Se eliminaron los tumores desarrollados en ratones, se fijaron en formalina al 7% e incluidos en parafina. Las secciones fueron teñidas con hematoxilina. Para la inmunohistoquímica se utilizaron anticuerpos de conejo anti-S100 humana (1:500) y de conejo anti-humano Ki67 (1:50, Neomarkers, Asbach, Alemania). Para la detección de anticuerpos, se utilizó el Kit Envision sistema dual peroxidasa (Dako). reacciones de color se desarrollaron con VectorRed (Vector Laboratories, Burlingame, CA) y los núcleos se contratiñeron con hematoxilina.
análisis de los datos
La comparación de la frecuencia de la formación de esfera entre diferentes pasajes y el aumento de la el número de células capaces de formar esferas tumorales con pases fue probado por un ANOVA no paramétrico; si es significativo, se realizaron comparaciones post-hoc utilizando el test de Dunn. El aumento en el número de células proliferativas en el tiempo se analizó usando un mediciones repetidas ANOVA no paramétrico; si es significativo, se realizó la comparación post hoc utilizando el test de Tukey. Se realizó el mismo ensayo para comparar un aumento en la proliferación de esferas CD133 positivas y negativas en el tiempo. Las diferencias en la cantidad relativa de cDNA se analizó por RT-PCR, y los cambios en el porcentaje de células positivas en las células adherentes de los padres y esferas analizadas por citometría de flujo, se ensayaron usando el U-test no paramétrico de Mann-Whitney. Las diferencias en la frecuencia de la formación de tumores entre los ratones inyectados con células adherentes y esferas, respectivamente, se calcularon mediante la prueba de Chi-cuadrado. Todos los valores promediados se representan como la media ± error estándar de la media (SEM). Los valores se consideraron significativos cuando p. & Lt; 0,05
Resultados
formación de Esfera a partir de células MPNST
Para examinar si o no MPNSTs contienen células madre similares a las células, a partir de 2 líneas establecidas y 12 tumores diseccionados fueron cultivadas en medio libre de suero que contiene EGF y FGF. Esferas o agregados de esfera como se obtuvieron de las dos líneas celulares y 10 de los 12 tumores diseccionados frescos. Esferas formadas a baja densidad, tan bajos como una célula por pocillo, y se propagaron durante al menos 20 pasajes de la línea celular establecida TMVNP S462. Esferas o agregados en forma de esfera también se obtuvieron de otra línea TMVNP establecida (S1507-2) y a partir de células primarias y MPNST MPNSTs recién disecados; sin embargo, sobrevivieron sólo para 2 a 12 pasajes, y no se pudieron obtener a densidades de células por debajo de 100 células por pocillo. Del mismo modo, esferas o agregados de esfera como también se obtuvieron a partir de cultivos primarios derivados de neurofibromas plexiformes y neurofibromas cutáneos, pero no se podían ser pasados más de dos veces. por tanto, más experimentos se centraron en las esferas de la S462.
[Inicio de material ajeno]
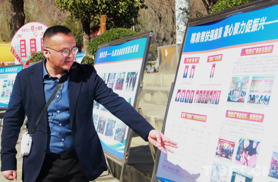 圖為來自四川省都江堰中學(xué)、現(xiàn)任九寨溝縣中學(xué)校校長的李智介紹九寨溝縣組團式教育援藏成果 攝影:劉莉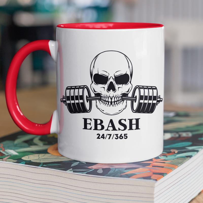 Чашка керамічна з принтом "ebash" 330 мл, біла з червоною ручкою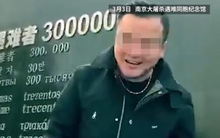 3月8日,在南京大屠杀遇难同胞纪念馆前拍摄发泄视频者孟某被南京警方处以处行政拘留8天,当天,孟某在拘留所忏悔并道歉。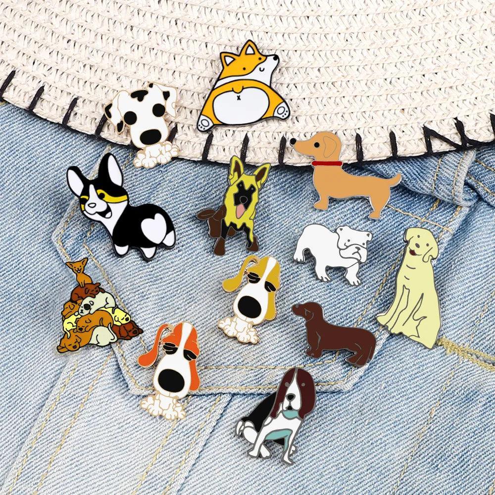 Cartoon Dogs Enamel Brooch Cute Animals Badge Jewelry Gift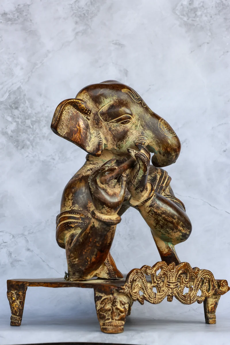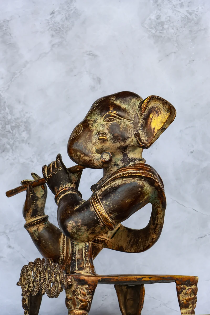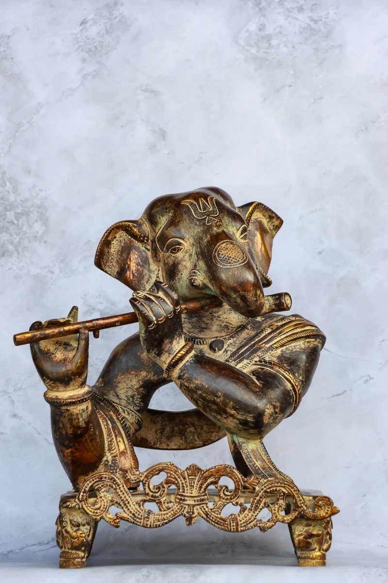 11″ Modern Flute Ganesha | Handcrafted Brass | Brown Patina Finish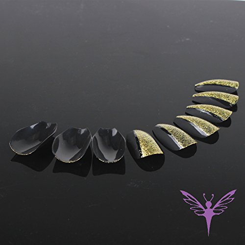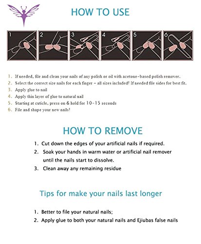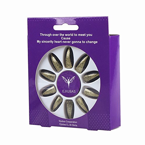 Feature : 1.Matte Squaletto BLACK WITH GOLDEN GLITTER: Give you an air of mystery and secret,noble.The Matte BLACK feel rich ,sexy,imaginative with a glow metali texture.Glitter powder on the face will not easliy peal off but give this nail a color boost and makes your hand look whiter and slimer. / 2.PACKAGE: Includes 24 pcs FULL COVER CLAW LIKE nail tips one high quality glue.Variety of color and sizes (Size Info. given below the description)to choose .Color on the nails will not easily peal off due to our craftsmanship improvment.Glue is better than the most usual ones ,adhesive is perfect enough to last the nails long. / 3.QUALITY PROMISE:internationally certified and EU compliant .Manufactured from high quality virgin ABS plastic.Thousands times of test before selling.Repeated improving and fixing to adapt to people's size and taste. / 4.PROBLEM TO CREATE YOUR OWN NAILS DESIGN ?(1)We are full nail, just need to press-ons, wide nail shape can go over the entire nail bed (2)We have a nice curve at the tip and don't look like stiletto nails, we are legit talons, super suit for any party ! (3)We have the perfectly length, stronger and thick enough,won't be cracked or chipped under normal pressure(4)GLUE IS INCLUDED,high quality,strong adhesive,healthy ,quality control by the Quality inspection organization. / 5.Customer experience is the first place .WE STAND behind our brand Ejiubas and provide 100% full money back guarantee, If, For Whatever Reason, You Don't Absolutely Love your Ejiubas Original False nails. Just contact us and we will do absolutely anything needed.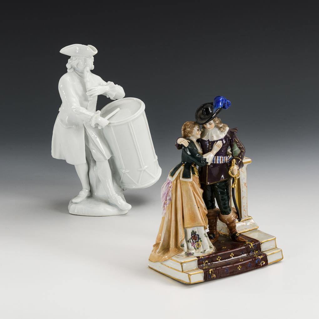 1x Soldat mit Trommel und Flöte. / 1x ein sich umarmendes Renaissancepaar.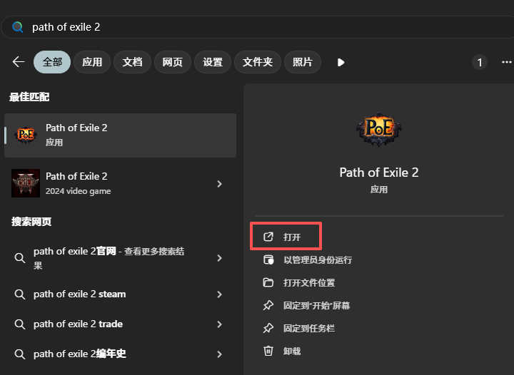 3.安装完成后,win键搜索path of exile 2,点击“打开”,开始本体游戏的下载和安装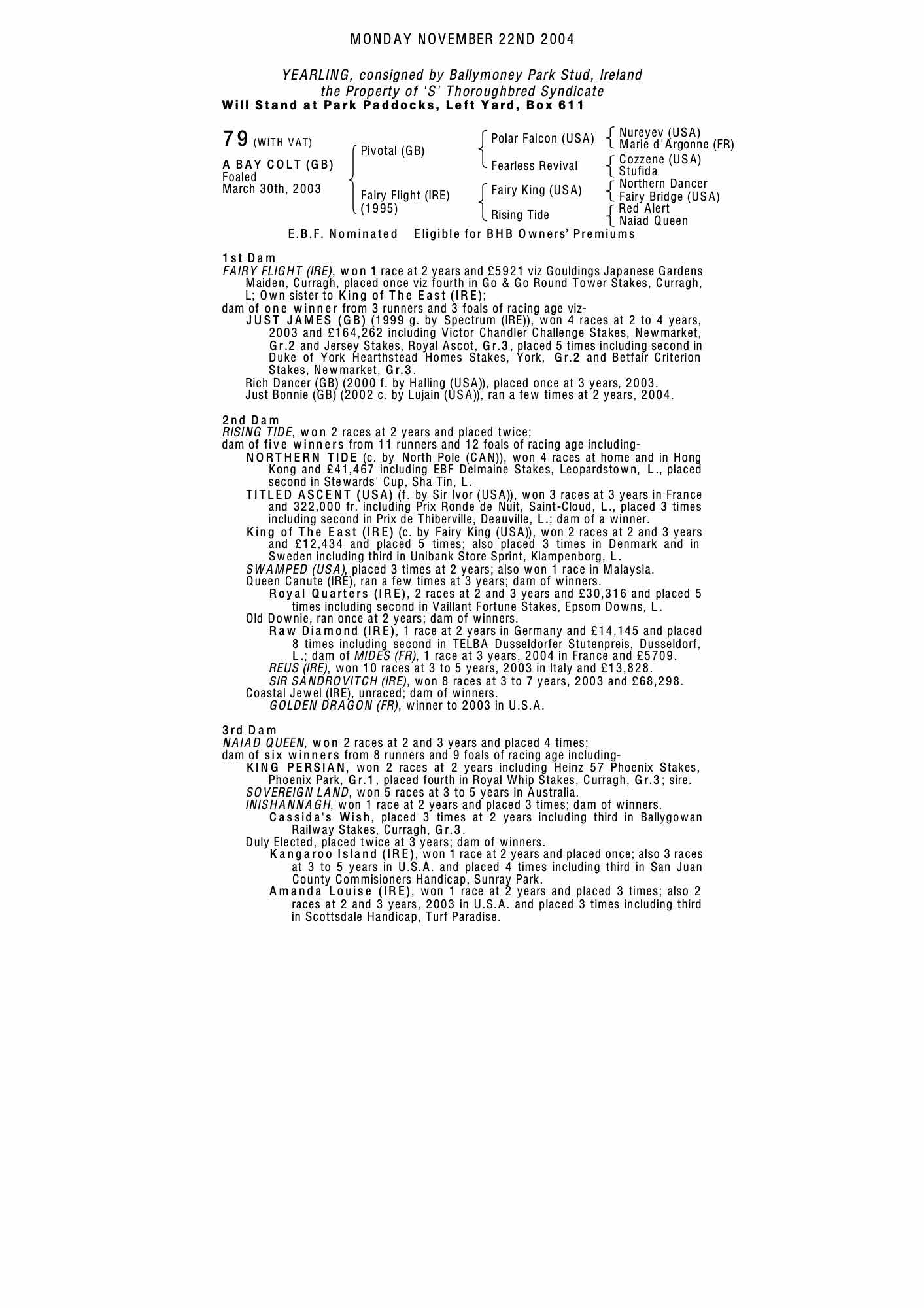 Consignor: Ballymoney Park Stud, Ireland
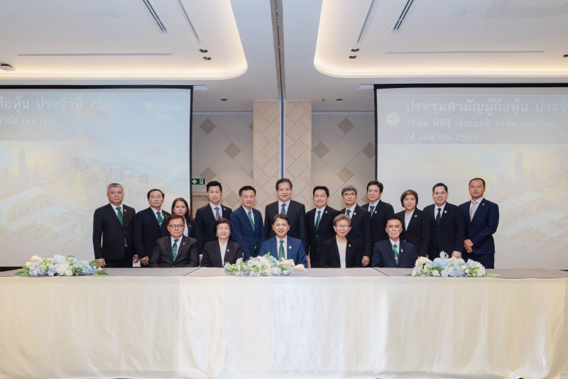 นายธีรนันท์ ศรีหงส์ (แถวนั่งที่ 3 จากขวา) ประธานกรรมการบริษัท พร้อมด้วยนายพิทักษ์ รัชกิจประการ (แถวยืนที่ 5 จากซ้าย) ประธานเจ้าหน้าที่บริหาร และกรรมการผู้จัดการใหญ่ นายรังสรรค์ พวงปราง (แถวยืนที่ 5 จากขวา) ผู้ช่วยกรรมการผู้จัดการใหญ่ และคณะกรรมการ บริษัท พีทีจี เอ็นเนอยี จำกัด (มหาชน) (PTG) ถ่ายภาพร่วมกันในงานประชุมสามัญผู้ถือหุ้นประจำปี 2569 โดยผู้ถือหุ้นมีมติเห็นชอบทุกวาระ พร้อมกันนี้ยังได้อนุมัติการจ่ายเงินปันผลจากกำไรสุทธิประจำปี 2568 ในอัตราหุ้นละ 0.35 บาท คิดเป็นจำนวนเงินรวมทั้งสิ้น 584.5 ล้านบาท กำหนดวันจ่ายเงินปันผล ในวันที่ 15 พฤษภาคม 2569

in vitro caracterización de esferas TMVNP S462
células parentales TMVNP S462 de paso 35, que bajo condiciones de medio estándar con suero crecen de forma adherente, esferas flotantes formadas después 2 días en condiciones de células madre (figura 1A, B;. S462 células adherentes se refieren a la línea celular parental S462). La proliferación de células en las esferas demostró que éstos eran no sólo agregados (Fig. 2A). Cuando estas esferas primarias se disociaron y las células sembradas a muy baja densidad en pocillos de una placa de 96 pocillos, esferas secundarias se obtuvieron en 16,7% ± 2,4 de los pocillos que contenían células individuales. La frecuencia de la formación de esfera a partir de células individuales aumentó cuando las esferas se pasaron más (Fig. 2B). esferas clonales también se obtuvieron a partir de células S462 adherente de la muy temprana paso 2, con una mayor frecuencia de formación de esferas primario 31,86% ± 2,50, casi dos veces mayor que con las células adherentes S462 de paso 35. Hasta la fecha, esferas MPNST S462 han sido pases en condiciones clonales más de 20 veces |.
(A) células parentales S462 en condiciones normales de cultivo con suero crecen de forma adherente (paso 35). (B) flotante esfera secundaria después de dos semanas bajo condiciones de células madre sin suero. La esfera se deriva de una sola célula y por lo tanto era clonal. Bares = 20 micras.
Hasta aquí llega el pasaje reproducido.